In a highly leveraged company, the equity owner does not really have control. It’s the bondholder or creditor who can put the company in default. With the dirty tricks available from covert “economic hit” teams combined with a creditor’s ability to throw a company in default, who needs to be a visible owner? Unmentioned was the ease and elegance with which junk bonds made it possible to take over companies with narco dollars and other forms of hot money financed by powerful partners hidden behind mountains of debt.

There emerged a growing number of attractive business savvy investment firms vying to be the owners of record for a growing number of companies taken private in leveraged buyouts. This included Kohlberg Kravis Roberts & Co. (KKR), the LBO firm that took over RJR Nabisco in 1989 in one of the most visible takeovers of the decade, documented by Barbarians at the Gate. Dillon Read represented the RJR Nabisco board on the transaction. While the bidding war between KKR and the management group led by Ross Johnson teamed with Shearson Lehman escalated, I remember being dumbfounded as to why anyone thought that RJR Nabisco could service the proposed amounts of debt.
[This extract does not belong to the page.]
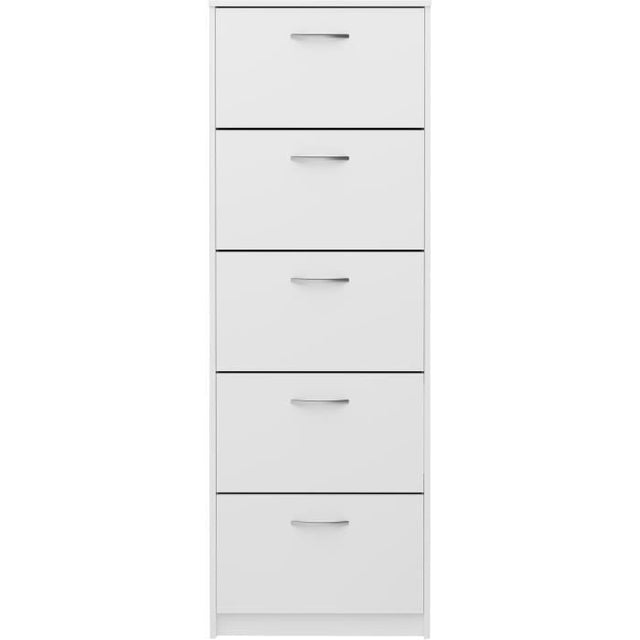 Meuble a chaussures - Blanc - 5 Abattants - 10 paires - L58,5 x H168,5 – Tradiscount

In later years as I read reports that the debt was being serviced, I wondered what magic tricks KKR had that we mere mortals were missing. In reading Barbarians at the Gate, it turns out they managed to win despite not having the highest bid on all bidding rounds. One wonders the extent to which the bidding process was reengineered to ensure a KKR win and the media manipulated to make it look like the board had reasons to favor KKR over management other than the real reasons.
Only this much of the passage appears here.